(Data provided Opens)

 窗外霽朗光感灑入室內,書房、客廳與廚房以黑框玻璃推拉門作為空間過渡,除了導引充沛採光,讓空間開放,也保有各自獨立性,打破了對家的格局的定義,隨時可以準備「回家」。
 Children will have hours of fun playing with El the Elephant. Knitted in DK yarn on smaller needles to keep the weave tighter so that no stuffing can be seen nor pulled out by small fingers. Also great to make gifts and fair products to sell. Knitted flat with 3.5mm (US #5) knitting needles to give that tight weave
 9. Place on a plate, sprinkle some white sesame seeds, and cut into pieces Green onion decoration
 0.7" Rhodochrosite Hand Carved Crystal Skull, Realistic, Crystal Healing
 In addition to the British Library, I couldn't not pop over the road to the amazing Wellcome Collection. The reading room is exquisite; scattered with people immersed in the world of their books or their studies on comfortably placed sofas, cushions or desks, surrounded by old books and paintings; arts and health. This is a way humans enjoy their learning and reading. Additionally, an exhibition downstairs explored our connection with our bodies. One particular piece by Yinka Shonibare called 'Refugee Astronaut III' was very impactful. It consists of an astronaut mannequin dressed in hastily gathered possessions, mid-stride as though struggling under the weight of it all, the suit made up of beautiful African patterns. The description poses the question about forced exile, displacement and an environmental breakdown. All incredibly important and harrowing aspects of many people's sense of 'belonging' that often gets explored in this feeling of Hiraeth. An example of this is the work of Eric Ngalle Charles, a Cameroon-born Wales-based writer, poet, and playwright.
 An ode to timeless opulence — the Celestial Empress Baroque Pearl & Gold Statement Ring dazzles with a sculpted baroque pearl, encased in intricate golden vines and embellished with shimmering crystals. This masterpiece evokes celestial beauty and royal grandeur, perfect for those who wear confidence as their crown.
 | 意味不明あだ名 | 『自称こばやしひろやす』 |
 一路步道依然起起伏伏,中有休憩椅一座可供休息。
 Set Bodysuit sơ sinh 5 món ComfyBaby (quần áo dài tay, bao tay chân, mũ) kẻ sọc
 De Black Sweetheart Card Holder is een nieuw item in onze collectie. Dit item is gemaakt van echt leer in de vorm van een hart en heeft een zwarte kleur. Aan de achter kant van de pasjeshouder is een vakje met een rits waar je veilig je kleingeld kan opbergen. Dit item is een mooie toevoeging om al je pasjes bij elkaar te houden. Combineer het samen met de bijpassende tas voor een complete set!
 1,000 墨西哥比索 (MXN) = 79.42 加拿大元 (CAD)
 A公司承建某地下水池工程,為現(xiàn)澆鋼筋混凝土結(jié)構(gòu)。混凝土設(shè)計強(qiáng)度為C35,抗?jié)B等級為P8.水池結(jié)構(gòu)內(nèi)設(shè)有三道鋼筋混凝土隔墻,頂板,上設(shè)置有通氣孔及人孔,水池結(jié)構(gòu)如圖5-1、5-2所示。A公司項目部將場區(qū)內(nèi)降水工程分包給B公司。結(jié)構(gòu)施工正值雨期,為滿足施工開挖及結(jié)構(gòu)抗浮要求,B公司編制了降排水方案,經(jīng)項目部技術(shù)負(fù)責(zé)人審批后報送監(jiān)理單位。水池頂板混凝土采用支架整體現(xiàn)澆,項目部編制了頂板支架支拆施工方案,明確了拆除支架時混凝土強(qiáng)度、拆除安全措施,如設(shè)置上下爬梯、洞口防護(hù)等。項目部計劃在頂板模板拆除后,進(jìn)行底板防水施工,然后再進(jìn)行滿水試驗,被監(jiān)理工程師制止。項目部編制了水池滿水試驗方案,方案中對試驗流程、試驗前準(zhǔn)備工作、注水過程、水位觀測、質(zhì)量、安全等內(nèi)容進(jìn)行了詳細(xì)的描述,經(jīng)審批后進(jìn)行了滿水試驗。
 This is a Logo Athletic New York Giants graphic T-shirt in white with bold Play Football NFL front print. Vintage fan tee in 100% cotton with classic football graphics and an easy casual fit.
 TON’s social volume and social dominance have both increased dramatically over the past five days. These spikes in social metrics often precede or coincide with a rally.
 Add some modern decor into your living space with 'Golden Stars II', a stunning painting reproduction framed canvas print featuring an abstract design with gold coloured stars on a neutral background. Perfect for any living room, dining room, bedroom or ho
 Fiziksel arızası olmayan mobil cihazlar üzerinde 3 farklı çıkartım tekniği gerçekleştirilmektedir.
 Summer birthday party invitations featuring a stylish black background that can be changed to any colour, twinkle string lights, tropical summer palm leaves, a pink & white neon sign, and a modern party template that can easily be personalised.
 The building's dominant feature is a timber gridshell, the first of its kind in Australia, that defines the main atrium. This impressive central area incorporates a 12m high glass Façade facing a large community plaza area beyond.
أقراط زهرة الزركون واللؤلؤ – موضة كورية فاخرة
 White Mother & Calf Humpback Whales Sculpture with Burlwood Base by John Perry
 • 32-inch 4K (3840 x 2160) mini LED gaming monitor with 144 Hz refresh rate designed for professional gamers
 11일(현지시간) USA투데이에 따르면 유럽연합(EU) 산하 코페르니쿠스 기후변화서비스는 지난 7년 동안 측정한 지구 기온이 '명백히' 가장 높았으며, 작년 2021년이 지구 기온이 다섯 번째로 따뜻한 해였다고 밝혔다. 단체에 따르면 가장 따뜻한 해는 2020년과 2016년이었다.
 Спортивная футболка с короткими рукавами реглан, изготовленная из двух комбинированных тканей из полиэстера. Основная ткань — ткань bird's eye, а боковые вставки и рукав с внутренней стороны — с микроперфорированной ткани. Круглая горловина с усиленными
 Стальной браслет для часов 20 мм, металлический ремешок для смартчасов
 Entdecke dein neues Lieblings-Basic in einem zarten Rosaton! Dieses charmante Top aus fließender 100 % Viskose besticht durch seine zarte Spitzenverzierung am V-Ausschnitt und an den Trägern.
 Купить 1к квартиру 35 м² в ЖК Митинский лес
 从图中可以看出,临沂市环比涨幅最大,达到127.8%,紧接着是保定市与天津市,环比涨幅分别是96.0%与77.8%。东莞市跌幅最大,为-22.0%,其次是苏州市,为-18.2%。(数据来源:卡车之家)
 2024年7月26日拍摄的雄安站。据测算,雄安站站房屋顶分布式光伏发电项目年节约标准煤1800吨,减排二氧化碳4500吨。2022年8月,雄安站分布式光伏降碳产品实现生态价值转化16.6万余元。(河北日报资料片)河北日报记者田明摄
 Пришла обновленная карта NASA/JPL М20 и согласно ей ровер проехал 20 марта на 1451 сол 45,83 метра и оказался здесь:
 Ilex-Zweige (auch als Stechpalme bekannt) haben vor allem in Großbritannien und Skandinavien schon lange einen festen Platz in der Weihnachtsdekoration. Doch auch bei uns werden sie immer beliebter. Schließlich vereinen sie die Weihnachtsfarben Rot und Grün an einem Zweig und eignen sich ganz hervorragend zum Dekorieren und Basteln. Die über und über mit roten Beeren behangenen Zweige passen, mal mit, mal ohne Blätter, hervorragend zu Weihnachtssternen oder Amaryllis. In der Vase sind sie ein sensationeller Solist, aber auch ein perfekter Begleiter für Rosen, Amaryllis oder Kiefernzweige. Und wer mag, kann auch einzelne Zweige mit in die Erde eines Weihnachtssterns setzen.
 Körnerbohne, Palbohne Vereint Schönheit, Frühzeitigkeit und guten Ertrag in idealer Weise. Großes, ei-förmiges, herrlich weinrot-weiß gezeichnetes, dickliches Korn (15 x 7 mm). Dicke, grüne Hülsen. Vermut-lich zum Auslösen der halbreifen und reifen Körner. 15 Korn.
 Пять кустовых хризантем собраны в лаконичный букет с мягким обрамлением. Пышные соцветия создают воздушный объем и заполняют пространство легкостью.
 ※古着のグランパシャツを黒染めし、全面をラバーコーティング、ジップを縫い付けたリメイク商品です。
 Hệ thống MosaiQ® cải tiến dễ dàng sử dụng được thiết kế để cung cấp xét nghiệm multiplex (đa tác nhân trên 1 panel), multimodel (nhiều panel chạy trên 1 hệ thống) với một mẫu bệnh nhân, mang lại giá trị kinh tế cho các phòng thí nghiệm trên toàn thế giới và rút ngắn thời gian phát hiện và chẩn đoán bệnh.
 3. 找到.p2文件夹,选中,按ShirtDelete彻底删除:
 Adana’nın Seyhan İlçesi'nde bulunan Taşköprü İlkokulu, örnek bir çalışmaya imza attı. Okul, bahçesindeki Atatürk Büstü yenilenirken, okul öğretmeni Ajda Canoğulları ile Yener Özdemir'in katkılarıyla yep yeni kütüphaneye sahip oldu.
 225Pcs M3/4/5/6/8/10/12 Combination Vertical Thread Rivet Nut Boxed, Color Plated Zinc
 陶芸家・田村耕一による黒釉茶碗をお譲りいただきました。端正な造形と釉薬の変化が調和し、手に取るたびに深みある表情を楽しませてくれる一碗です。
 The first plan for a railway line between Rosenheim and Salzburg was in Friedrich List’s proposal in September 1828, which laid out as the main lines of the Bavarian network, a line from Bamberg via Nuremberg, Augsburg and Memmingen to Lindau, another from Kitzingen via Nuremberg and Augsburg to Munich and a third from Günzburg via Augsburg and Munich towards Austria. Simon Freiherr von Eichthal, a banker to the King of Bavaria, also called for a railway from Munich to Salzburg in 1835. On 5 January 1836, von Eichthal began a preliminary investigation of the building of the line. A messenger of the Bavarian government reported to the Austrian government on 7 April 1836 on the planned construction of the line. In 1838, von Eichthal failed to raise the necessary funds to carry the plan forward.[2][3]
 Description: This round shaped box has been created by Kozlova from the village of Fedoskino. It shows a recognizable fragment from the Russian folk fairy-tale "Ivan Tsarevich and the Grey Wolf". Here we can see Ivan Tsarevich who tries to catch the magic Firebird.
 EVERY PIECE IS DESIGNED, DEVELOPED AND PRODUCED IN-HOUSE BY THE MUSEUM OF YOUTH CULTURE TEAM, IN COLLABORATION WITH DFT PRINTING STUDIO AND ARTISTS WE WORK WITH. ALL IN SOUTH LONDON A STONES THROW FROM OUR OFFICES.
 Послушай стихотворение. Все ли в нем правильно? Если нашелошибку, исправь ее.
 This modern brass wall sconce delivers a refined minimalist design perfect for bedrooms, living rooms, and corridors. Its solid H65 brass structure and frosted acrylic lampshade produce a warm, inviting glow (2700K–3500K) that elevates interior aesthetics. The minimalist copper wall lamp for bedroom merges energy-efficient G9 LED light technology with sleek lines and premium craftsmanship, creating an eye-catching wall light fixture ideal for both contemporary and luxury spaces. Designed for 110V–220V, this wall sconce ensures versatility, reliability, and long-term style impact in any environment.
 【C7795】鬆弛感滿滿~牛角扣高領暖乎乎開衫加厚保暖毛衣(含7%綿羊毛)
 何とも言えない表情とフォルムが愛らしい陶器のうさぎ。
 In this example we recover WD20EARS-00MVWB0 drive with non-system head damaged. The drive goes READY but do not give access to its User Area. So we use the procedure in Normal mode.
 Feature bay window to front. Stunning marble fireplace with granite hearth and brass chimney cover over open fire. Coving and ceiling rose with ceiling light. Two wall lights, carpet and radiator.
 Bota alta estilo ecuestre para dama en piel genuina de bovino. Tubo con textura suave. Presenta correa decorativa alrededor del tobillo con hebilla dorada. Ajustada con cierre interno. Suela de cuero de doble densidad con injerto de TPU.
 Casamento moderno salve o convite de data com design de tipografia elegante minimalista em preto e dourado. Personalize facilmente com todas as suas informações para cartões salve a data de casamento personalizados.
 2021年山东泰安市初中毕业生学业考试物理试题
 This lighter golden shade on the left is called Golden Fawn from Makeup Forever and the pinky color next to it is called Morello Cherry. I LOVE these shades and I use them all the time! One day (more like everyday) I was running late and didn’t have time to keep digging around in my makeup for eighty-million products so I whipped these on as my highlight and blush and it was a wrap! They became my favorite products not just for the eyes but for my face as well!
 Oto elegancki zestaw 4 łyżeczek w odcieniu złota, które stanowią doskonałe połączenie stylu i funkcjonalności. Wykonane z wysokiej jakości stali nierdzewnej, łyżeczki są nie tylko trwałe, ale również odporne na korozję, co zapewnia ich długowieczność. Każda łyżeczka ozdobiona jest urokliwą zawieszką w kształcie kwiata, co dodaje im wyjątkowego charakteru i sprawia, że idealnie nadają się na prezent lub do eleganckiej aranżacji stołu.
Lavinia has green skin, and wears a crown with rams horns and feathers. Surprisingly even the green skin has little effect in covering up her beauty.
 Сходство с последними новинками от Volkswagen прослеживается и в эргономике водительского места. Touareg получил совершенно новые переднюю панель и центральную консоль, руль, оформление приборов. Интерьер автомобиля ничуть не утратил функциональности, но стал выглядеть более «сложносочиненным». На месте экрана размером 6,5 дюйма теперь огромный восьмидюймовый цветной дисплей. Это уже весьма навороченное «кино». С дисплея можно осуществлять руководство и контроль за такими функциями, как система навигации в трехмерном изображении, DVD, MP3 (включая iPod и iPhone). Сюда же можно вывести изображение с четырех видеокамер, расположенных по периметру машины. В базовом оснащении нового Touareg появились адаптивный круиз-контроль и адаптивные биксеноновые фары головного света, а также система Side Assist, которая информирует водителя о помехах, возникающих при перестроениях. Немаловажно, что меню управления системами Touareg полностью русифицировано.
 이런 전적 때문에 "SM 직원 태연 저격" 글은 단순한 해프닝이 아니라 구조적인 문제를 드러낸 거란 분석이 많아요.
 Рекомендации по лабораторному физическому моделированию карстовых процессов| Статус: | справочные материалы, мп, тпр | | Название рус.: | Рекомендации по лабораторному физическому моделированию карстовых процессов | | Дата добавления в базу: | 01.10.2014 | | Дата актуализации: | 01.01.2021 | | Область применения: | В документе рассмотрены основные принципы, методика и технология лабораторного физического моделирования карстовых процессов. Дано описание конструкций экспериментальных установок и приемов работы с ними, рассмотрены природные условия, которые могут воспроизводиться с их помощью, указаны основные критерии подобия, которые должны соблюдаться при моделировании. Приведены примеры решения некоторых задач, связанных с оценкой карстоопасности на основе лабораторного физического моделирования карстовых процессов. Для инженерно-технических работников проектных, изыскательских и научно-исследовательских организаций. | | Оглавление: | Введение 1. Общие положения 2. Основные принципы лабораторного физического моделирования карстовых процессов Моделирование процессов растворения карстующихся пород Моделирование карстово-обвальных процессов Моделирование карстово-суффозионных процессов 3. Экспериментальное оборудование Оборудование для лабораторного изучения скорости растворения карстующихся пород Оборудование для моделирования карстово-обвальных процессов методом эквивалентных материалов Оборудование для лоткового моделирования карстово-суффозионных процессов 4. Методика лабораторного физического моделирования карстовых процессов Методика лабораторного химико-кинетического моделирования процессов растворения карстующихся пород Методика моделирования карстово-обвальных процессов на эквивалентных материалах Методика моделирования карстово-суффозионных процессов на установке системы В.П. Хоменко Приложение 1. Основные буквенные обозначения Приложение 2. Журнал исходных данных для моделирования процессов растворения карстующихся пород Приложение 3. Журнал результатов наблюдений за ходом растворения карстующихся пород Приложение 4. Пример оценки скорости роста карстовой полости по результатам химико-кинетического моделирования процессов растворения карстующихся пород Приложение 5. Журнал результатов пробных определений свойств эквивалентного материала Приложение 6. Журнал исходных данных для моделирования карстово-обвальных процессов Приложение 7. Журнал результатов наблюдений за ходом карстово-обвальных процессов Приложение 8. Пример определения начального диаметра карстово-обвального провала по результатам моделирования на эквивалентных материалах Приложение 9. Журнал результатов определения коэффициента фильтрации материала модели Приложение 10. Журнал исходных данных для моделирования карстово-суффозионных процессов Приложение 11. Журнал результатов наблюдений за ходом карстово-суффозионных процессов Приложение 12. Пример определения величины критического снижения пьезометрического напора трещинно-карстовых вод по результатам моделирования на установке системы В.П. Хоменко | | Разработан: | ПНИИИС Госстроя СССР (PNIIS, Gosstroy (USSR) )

(Data provided Closes)

Problem to work on
Once the line containing "In addition to" has been retyped, stop. Begin at the first line of the material and reproduce every line up to it exactly.

Problem solution
 窗外霽朗光感灑入室內,書房、客廳與廚房以黑框玻璃推拉門作為空間過渡,除了導引充沛採光,讓空間開放,也保有各自獨立性,打破了對家的格局的定義,隨時可以準備「回家」。
 Children will have hours of fun playing with El the Elephant. Knitted in DK yarn on smaller needles to keep the weave tighter so that no stuffing can be seen nor pulled out by small fingers. Also great to make gifts and fair products to sell. Knitted flat with 3.5mm (US #5) knitting needles to give that tight weave
 9. Place on a plate, sprinkle some white sesame seeds, and cut into pieces Green onion decoration
 0.7" Rhodochrosite Hand Carved Crystal Skull, Realistic, Crystal Healing
 In addition to the British Library, I couldn't not pop over the road to the amazing Wellcome Collection. The reading room is exquisite; scattered with people immersed in the world of their books or their studies on comfortably placed sofas, cushions or desks, surrounded by old books and paintings; arts and health. This is a way humans enjoy their learning and reading. Additionally, an exhibition downstairs explored our connection with our bodies. One particular piece by Yinka Shonibare called 'Refugee Astronaut III' was very impactful. It consists of an astronaut mannequin dressed in hastily gathered possessions, mid-stride as though struggling under the weight of it all, the suit made up of beautiful African patterns. The description poses the question about forced exile, displacement and an environmental breakdown. All incredibly important and harrowing aspects of many people's sense of 'belonging' that often gets explored in this feeling of Hiraeth. An example of this is the work of Eric Ngalle Charles, a Cameroon-born Wales-based writer, poet, and playwright.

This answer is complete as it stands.